• _REQUIRED WORK_
Copy task for the material below: print the line with "figure 9 shows" and every line after it to the end, exactly as written, without the pictures.

• _TASK DATA_
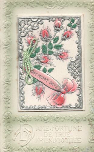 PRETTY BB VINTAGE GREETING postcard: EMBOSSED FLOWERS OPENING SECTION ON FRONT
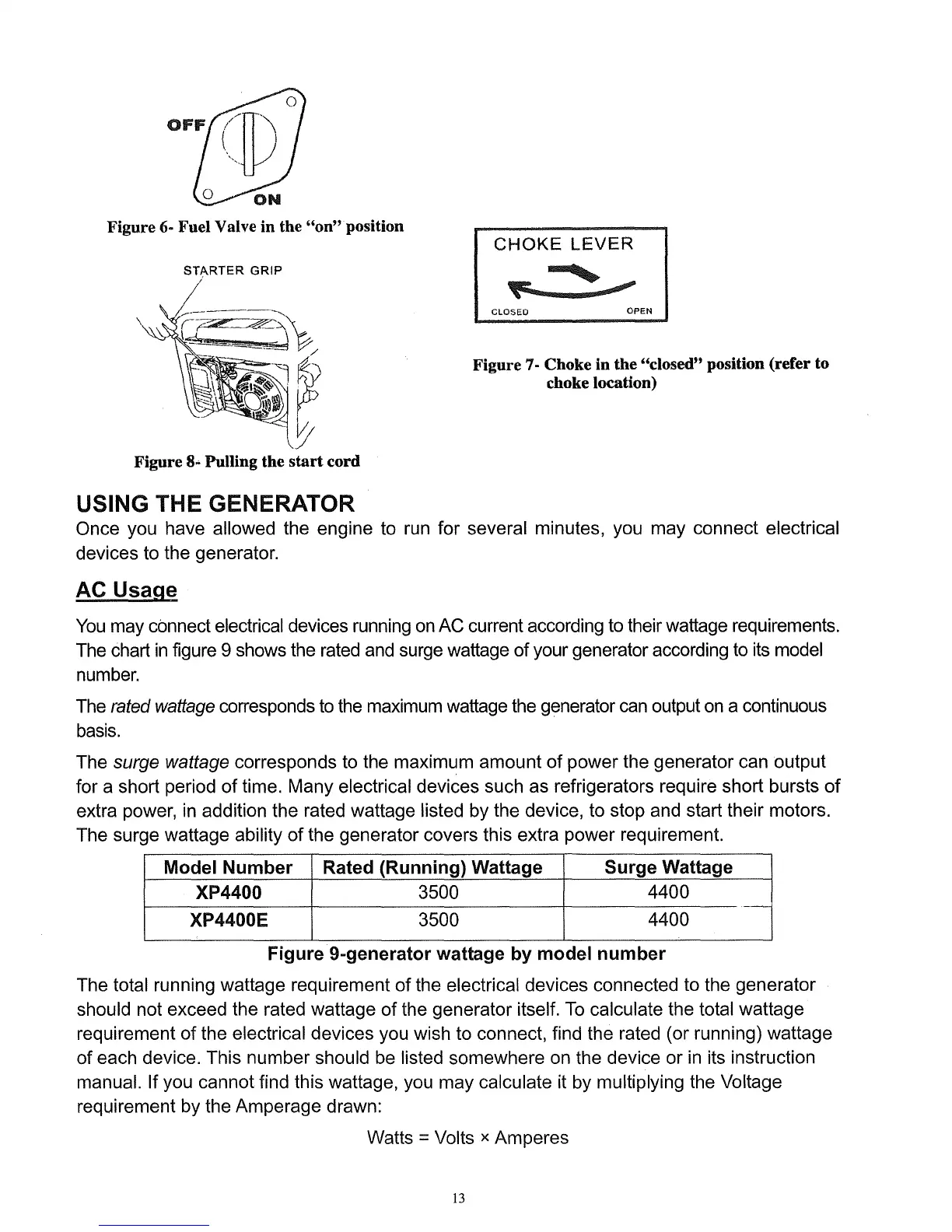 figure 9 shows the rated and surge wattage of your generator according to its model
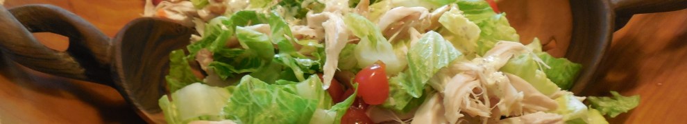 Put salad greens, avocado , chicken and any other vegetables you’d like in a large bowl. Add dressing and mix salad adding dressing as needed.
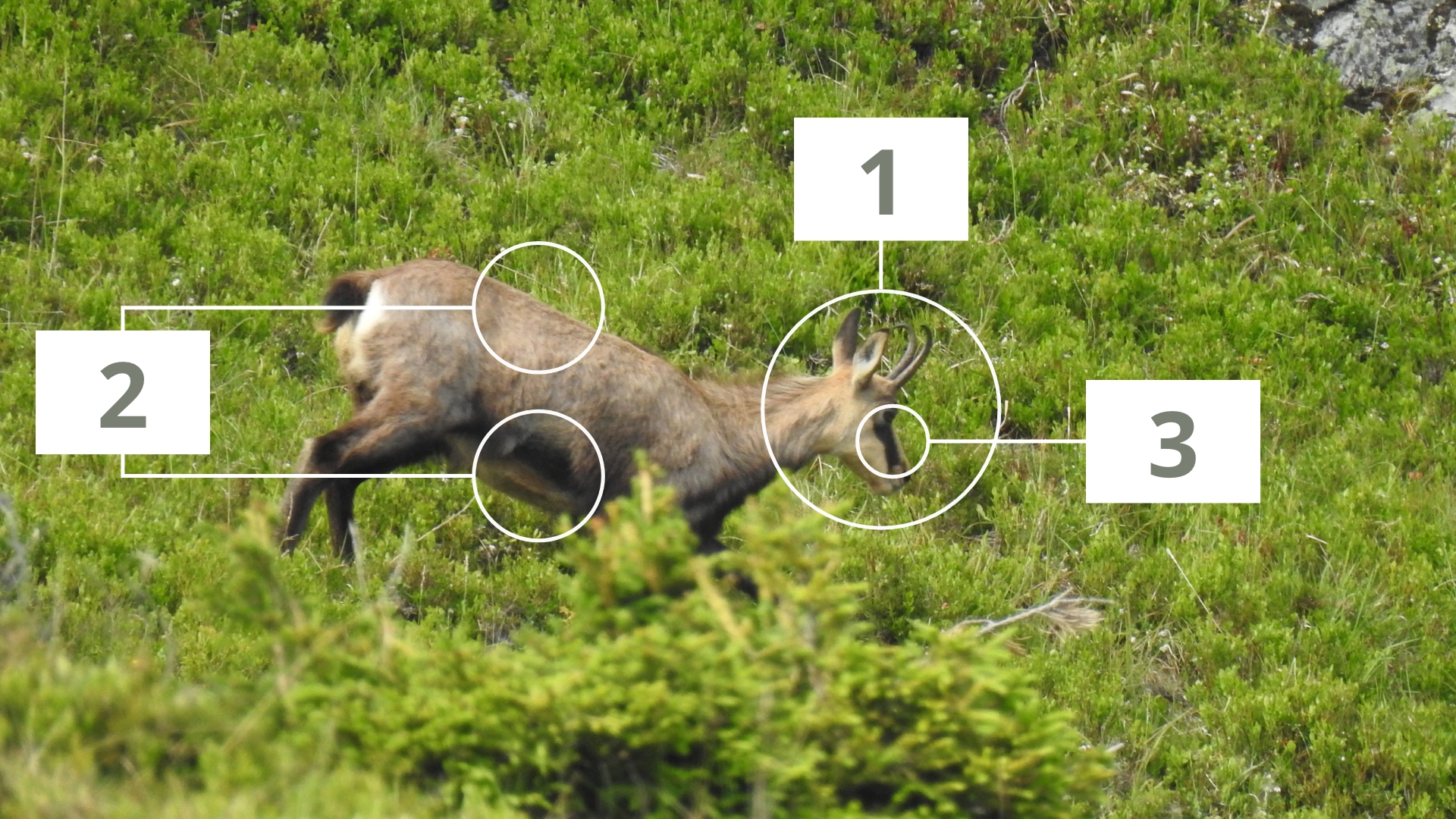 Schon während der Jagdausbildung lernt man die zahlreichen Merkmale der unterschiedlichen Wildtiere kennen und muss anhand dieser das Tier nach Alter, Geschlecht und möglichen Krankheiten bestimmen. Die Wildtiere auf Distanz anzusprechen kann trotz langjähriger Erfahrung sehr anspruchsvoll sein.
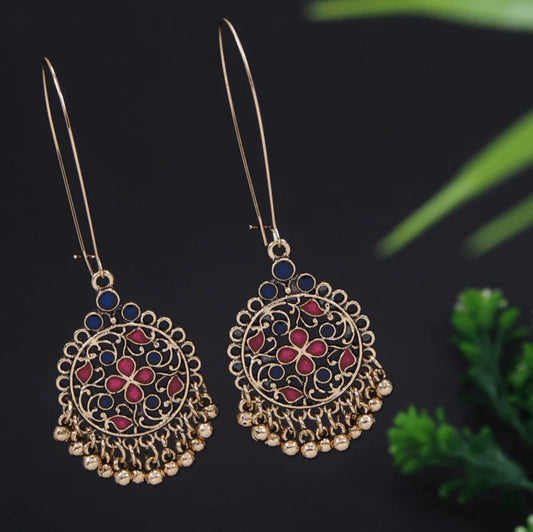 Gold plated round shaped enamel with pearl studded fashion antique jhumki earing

• _ANSWER BOX_
 figure 9 shows the rated and surge wattage of your generator according to its model
 Put salad greens, avocado , chicken and any other vegetables you’d like in a large bowl. Add dressing and mix salad adding dressing as needed.
 Schon während der Jagdausbildung lernt man die zahlreichen Merkmale der unterschiedlichen Wildtiere kennen und muss anhand dieser das Tier nach Alter, Geschlecht und möglichen Krankheiten bestimmen. Die Wildtiere auf Distanz anzusprechen kann trotz langjähriger Erfahrung sehr anspruchsvoll sein.
 Gold plated round shaped enamel with pearl studded fashion antique jhumki earing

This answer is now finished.